A few years ago, we published an article that highlighted the impact that legal cannabis was having on the opioid epidemic in the United States (US).
In that article, we covered research data from a study published in the Journal of the American Medical Association. The study provided evidence that showed that in 2014, states with legal medical cannabis programs had an opioid overdose rate that was 25% lower than the national average.
Earlier this week, we came across additional data that supports this trend and wanted our readers to be aware of this. According to Clevescene.com., researchers that were analyzing states where cannabis was legal determined that there was a 26% reduction in pharmacy-based distribution of codeine. Based on the data, researchers from the study said that after four years many states experienced as much as a 37% drop and we find this to be of great importance.

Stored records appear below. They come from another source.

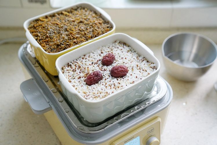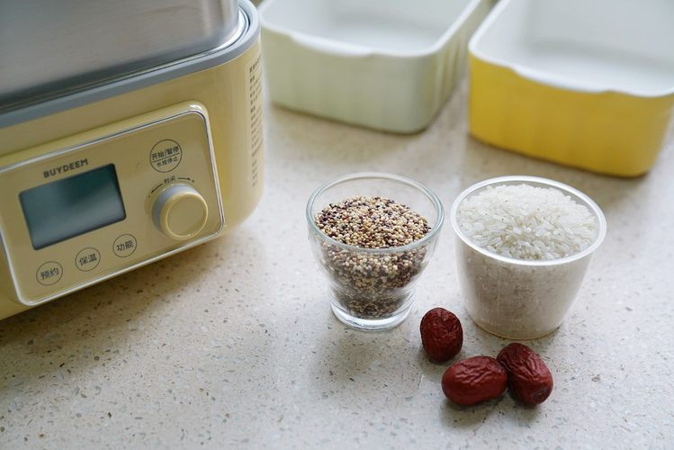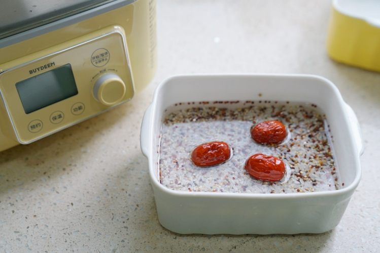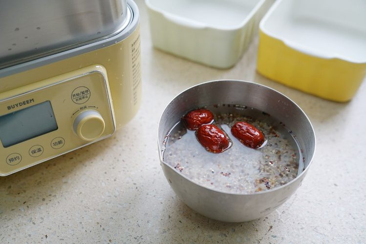 在准备蒸扣肉的时候,另外备藜麦50克,大米150克,清水140ml ,3粒红枣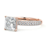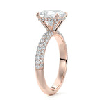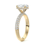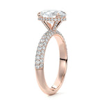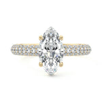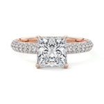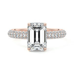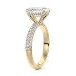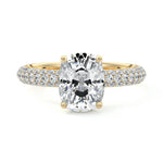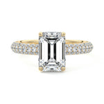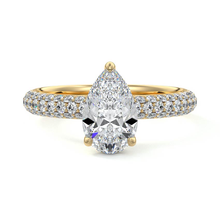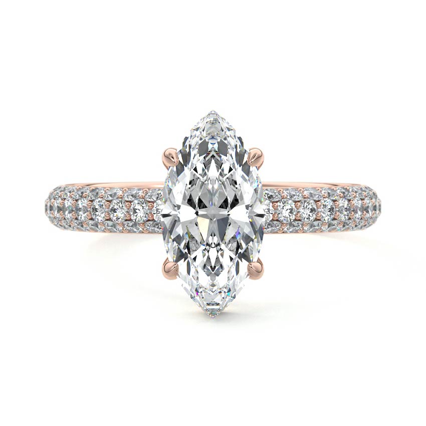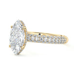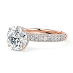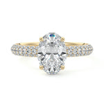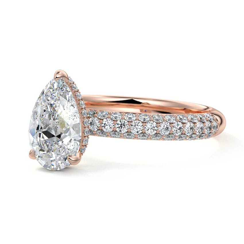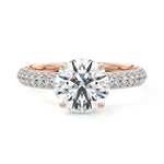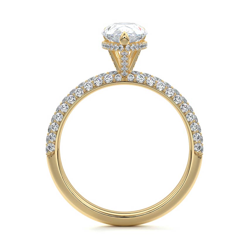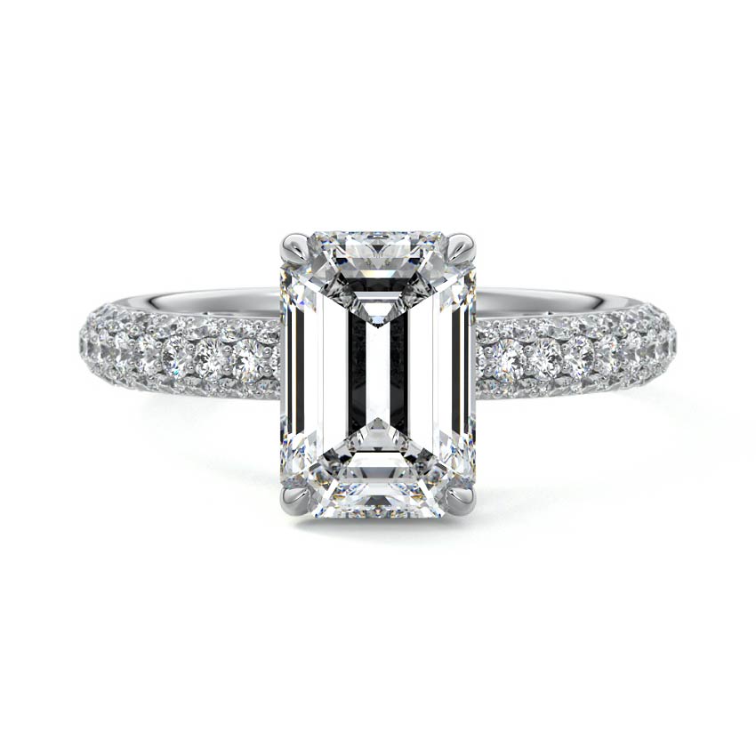 Aveta is an enchanting setting adorned with intricate pave embellishments. This ring boasts three tiers of meticulously pave-set diamonds, gracefully ascending towards a central gemstone held securely by a 4-claw prong setting. Additionally, the prongs themselves are adorned with diamonds, and a concealed halo of pave diamonds adds a touch of elegance to the design, complemented by accent stones on each of the four prongs.
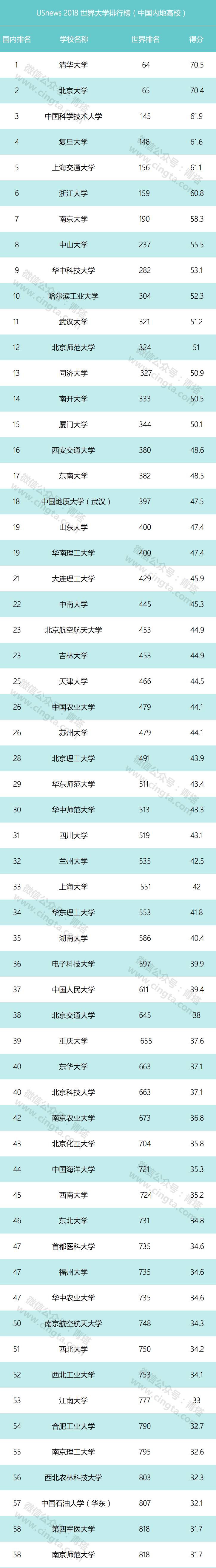 以上就是小编分享“USNews2018世界拼搏(中国)排行榜出炉,167所中国高校上榜!”的全部内容,想了解更多相关内容,请持续关注本网站。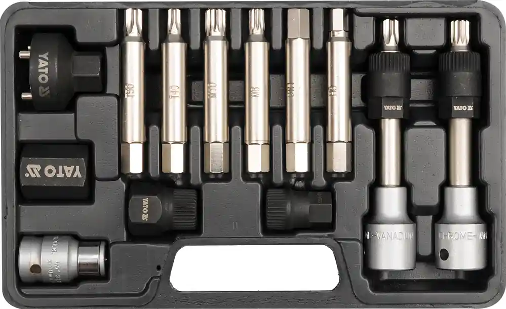 Zestaw kluczy do alternatora 13cz.Profesjonalny zestaw kluczy do montażu i demontażu alternatorów typ Bosch i Magneti Marelli.Dostosowany do samochodów marek: Audi, BMW, Fiat, Ford, Mercedes, Opel, Porsche, Renault, Peugeot, Seat, Skoda, Volvo, VW i innych.Klucze umożliwiają jednoczesne odkręcanie śruby mocującej koło pasowe (za pomocą odpowiedniego bitu) oraz przytrzymywanie koła ze sprzęgłem (za pomocą specjalistycznej nasadki).Parametry:- materiał: CrV, stal węglowa #45, stal 8600- zastosowanie: do alternatorów ze sprzęgłem Bosch i Magneti Marelli- twardość: 40-44, 38-42, 53-57 HRC- grot: Torx, sześciokątny, Spline- rozmiar uchwytu narzędziowego: 1/2″ (12.7 mm)- liczba sztuk w zestawie: 13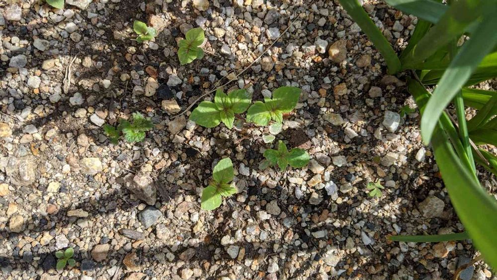 去年シソの種をバラまいたら今年芽が出てきました。でもまだ小さいです
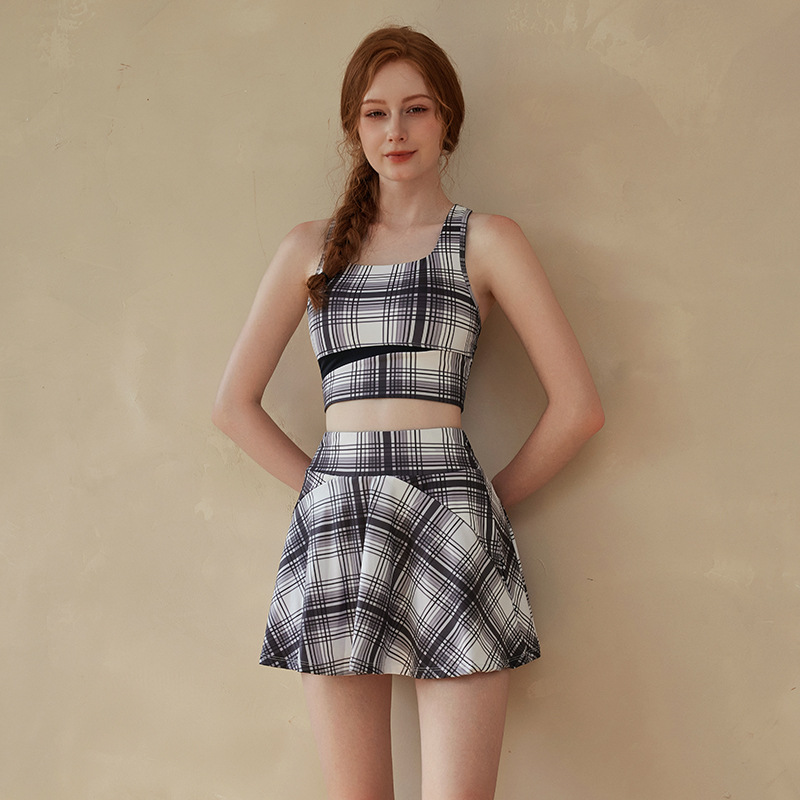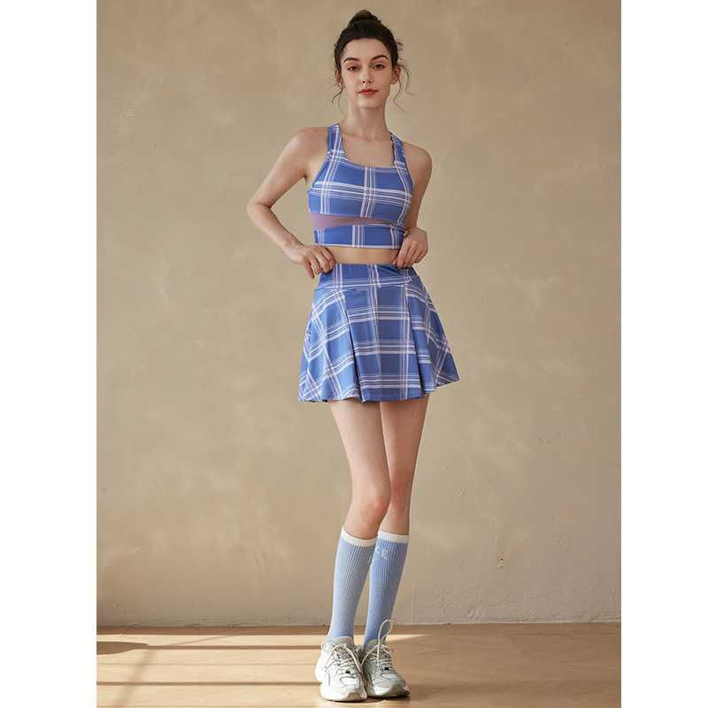 新款运动裙套装格子撞色时尚ins健身背心训练跑步健身裸感亲肤女

According to Clevescene.com, Shyam Raman, a doctoral candidate at Cornell University and lead author of the study, said, “A reduction in the misuse of opioids will save lives. Our research indicated that recreational cannabis laws substantially reduce distribution of codeine to pharmacies, an overlooked potential benefit to legalizing recreational cannabis use.”
Based on the numbers and the conclusions from researchers, we are not surprised that big pharmaceutical companies have been lobbying against the legalization of medical cannabis. If medical cannabis was legalized, these firms would lose billions of dollars.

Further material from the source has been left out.